### Information supplied

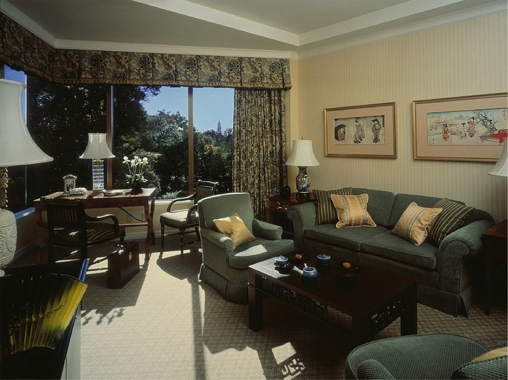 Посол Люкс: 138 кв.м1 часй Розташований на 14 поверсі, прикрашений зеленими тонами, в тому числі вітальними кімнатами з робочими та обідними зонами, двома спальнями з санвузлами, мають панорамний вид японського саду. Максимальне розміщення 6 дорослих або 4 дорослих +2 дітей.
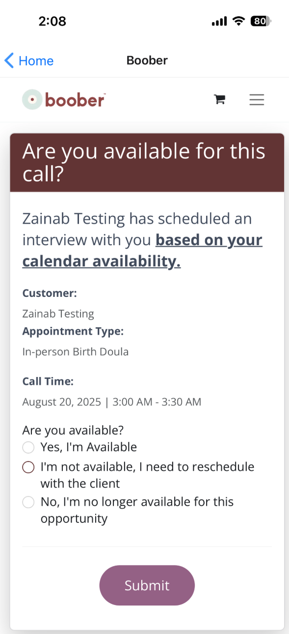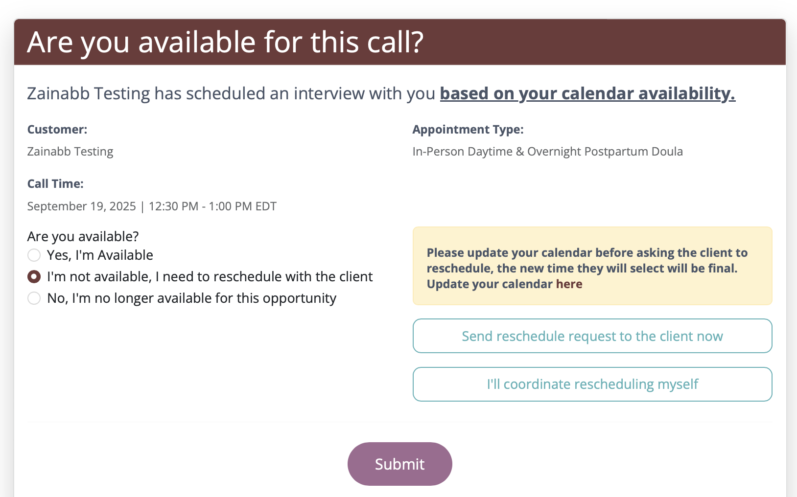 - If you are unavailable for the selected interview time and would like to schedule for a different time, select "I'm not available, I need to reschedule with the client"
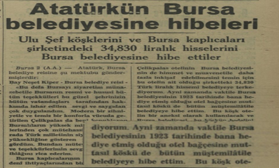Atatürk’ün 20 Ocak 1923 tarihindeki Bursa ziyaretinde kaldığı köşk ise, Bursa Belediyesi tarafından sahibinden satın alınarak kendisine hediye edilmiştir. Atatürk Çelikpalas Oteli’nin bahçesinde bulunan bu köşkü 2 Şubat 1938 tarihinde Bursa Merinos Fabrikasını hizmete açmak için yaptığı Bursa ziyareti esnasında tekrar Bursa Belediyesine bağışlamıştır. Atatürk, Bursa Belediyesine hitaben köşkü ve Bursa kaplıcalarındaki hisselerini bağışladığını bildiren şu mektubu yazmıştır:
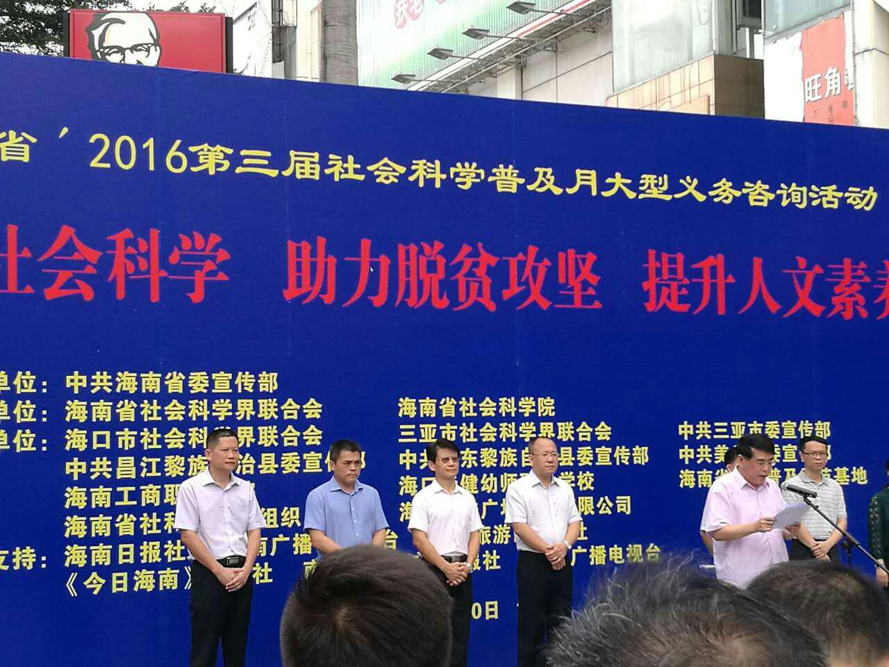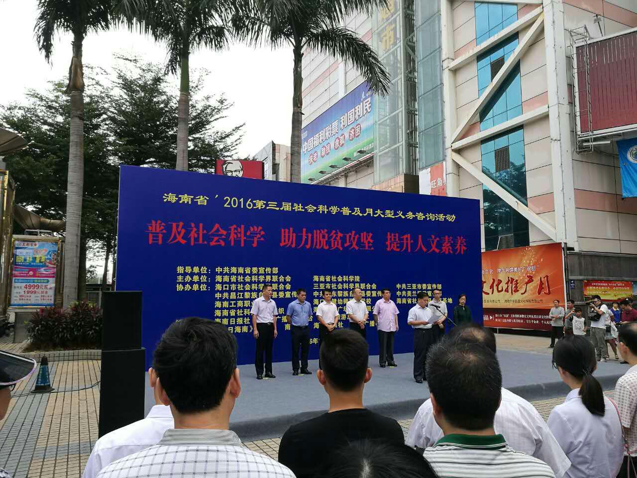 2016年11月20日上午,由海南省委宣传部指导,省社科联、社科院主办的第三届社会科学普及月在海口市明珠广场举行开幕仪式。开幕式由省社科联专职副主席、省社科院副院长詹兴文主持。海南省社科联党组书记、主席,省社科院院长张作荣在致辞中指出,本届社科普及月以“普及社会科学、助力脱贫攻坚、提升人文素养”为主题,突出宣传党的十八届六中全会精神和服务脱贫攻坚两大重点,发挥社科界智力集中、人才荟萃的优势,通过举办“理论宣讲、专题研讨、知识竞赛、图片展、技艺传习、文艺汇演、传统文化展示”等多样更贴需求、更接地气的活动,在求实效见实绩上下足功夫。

### Task brief
What is needed is an exact repeat of only the lines from the one containing "- If you are" through the last line of the listing above, both ends included, without the pictures.

### Your solution
 - If you are unavailable for the selected interview time and would like to schedule for a different time, select "I'm not available, I need to reschedule with the client"
Atatürk’ün 20 Ocak 1923 tarihindeki Bursa ziyaretinde kaldığı köşk ise, Bursa Belediyesi tarafından sahibinden satın alınarak kendisine hediye edilmiştir. Atatürk Çelikpalas Oteli’nin bahçesinde bulunan bu köşkü 2 Şubat 1938 tarihinde Bursa Merinos Fabrikasını hizmete açmak için yaptığı Bursa ziyareti esnasında tekrar Bursa Belediyesine bağışlamıştır. Atatürk, Bursa Belediyesine hitaben köşkü ve Bursa kaplıcalarındaki hisselerini bağışladığını bildiren şu mektubu yazmıştır:
 2016年11月20日上午,由海南省委宣传部指导,省社科联、社科院主办的第三届社会科学普及月在海口市明珠广场举行开幕仪式。开幕式由省社科联专职副主席、省社科院副院长詹兴文主持。海南省社科联党组书记、主席,省社科院院长张作荣在致辞中指出,本届社科普及月以“普及社会科学、助力脱贫攻坚、提升人文素养”为主题,突出宣传党的十八届六中全会精神和服务脱贫攻坚两大重点,发挥社科界智力集中、人才荟萃的优势,通过举办“理论宣讲、专题研讨、知识竞赛、图片展、技艺传习、文艺汇演、传统文化展示”等多样更贴需求、更接地气的活动,在求实效见实绩上下足功夫。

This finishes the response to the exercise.